After all, the real world exists in three dimensions (length, width, and height); four if you include time. This inconvenient fact hasn’t stopped machine vision companies from using 2D imaging systems to solve a massive and growing number of 3D problems, however.
But cramming a 3D world into 2D technology poses many challenges for the machine vision system designer. Until the last decade, the low availability and high cost of computer power meant that solving 3D problems usually required throwing some useful data away, such as color information and rotational data around each axis. And until recently, the growing body of machine vision technical standards also left 3D camera and software providers to develop their own closed-loop systems, constraining adoption and growth.
Today, the inclusion of 3D data transmission in the GigE Vision and GenICam standards along with massive amounts of cheap computer power are changing the way companies are designing and using 3D vision systems, bringing the machine vision industry one step closer to living in the real world.
GigE Vision Is Quietly Changing Your 3D Tech
Technical standards provide the compatibility that customers desire and the path to reliable profitability that suppliers need in return. In 2018, the EMVA and AIA — the machine vision trade associations for Europe and North America, respectively — released GigE Vision 2.1. This newest iteration of the standard defined a new multipart payload container specifically for transmitting 3D data from sensor to processor.
“The previous approach was typically a patchwork solution,” explains James Falconer, Product Manager at sensor interface and solutions provider Pleora Technologies and Vice Chairman of the GigE Vision Technical Committee. “They would take a RGB pixel format with 8-bits for each component, for example, and put the depth image in the R component, confidence levels in the G component, and something else in the B component. Their software would have to deconstruct this container to extract meaningful information, which resulted in closed, proprietary 3D systems rather than 3D cameras that can talk to processing software from various vendors.”
In just the past year, Falconer has seen several 3D camera and system manufacturers adopt the new 3D-defined-use camera specification in the GigE Vision and GenICam standards as part of their new product road maps. “This enables camera makers to build powerful embedded 3D cameras using technologies like NVIDIA’s low-cost Jetson that have a lot of power behind them,” says Falconer. “Add a few MIPI sensors and a nano board, then using our eBUS SDK libraries for transmitting the sensor data to the processor, and you can quickly build a powerful 3D camera solution.”
This trend toward custom cameras with 3D capability is likely to accelerate, says Ed Goffin, Marketing Manager for Pleora Technologies, as Industry 4.0 pushes more machine vision to the edge of the plant network and beyond.
Leeks Point the Way
To illustrate how embedded machine vision technologies are helping users to push more automation to the edge of the plant, consider the simple act of trimming leeks. Cousin to the scallion, the high-end leek needs its root and greens trimmed to the proper height before packaging and shipping to local grocers.

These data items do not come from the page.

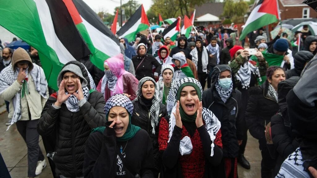 Residents of Detroit and the Arab Community of Dearborn march in support of Palestinians in the ongoing war in Gaza, in Dearborn, Michigan on 14 October 2023 (Matthew Hatcher/Getty Images via AFP)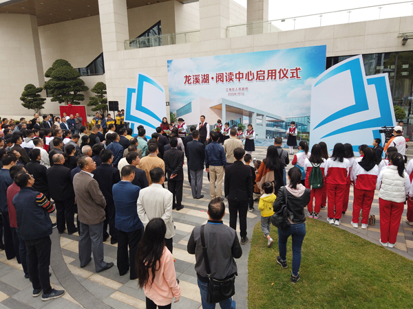儀式現場,彭章瑞、招文娟、湯惠紅、勞茂昌、餘志堅、何騰等領導為龍溪湖閱讀中心揭牌,見證閱讀中心正式對外開放。其後,出席嘉賓一同參觀龍溪湖閱讀中心,彭章瑞、招文娟、湯惠紅、勞茂昌等領導在二樓文化講座現場向學生代表進行贈書活動。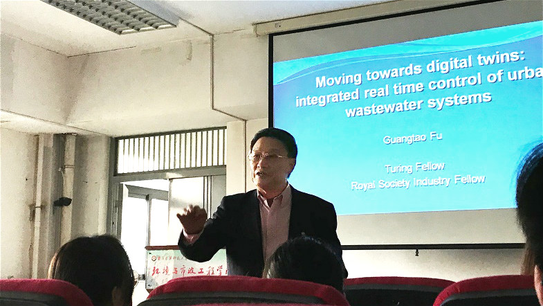 师生做了题为“走向数字孪生:城市污水系统的集成实时控制”的学术报告。报告会由王晓昌教授主持,环境、市政学科相关方向的师生近一百余人参加了本次报告会。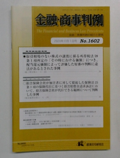No. 1602 金融・商事判例

“Leek trimming is typically done with bespoke machines rather than robotic solutions, but they still need a machine vision system to guide the blade to the root and cut with millimeter precision,” says Tordivel’s Vollset. “In the past, these custom 3D vision systems filled a large cabinet with an industrial PC. Now, all of that goes inside a single camera unit — the Scorpion 3D Stinger camera.”
Tordivel’s Stinger 3D platform is designed with full integration and flexibility in mind. In addition to housing multiple cameras and structured and colored LED lights for collecting 2D color and 3D point cloud information, the Stinger can include resolutions from VGA to the GenICam limit of 29 MP, offsets between stereoscopic sensors ranging from 35 to 220 mm, with or without the IP69K food-safe washdown enclosure, as well as encoders for conveyor tracking. The ability to collect both 2D color images and high-resolution 3D point clouds makes the Stinger 3D particularly useful for logistics applications such as depalletizing, where the user wants to both dimension each box for sortation as well as read identifying marks and codes.
One of the strengths of the adaptable Stinger platform is Tordivel’s approach to 3D calibration. While some systems will use nearby calibration targets, Tordivel evaluates each application and 3D prints the best calibration target for that specific application. “This allows us to do one-button calibration for even the most demanding applications,” says Vollset.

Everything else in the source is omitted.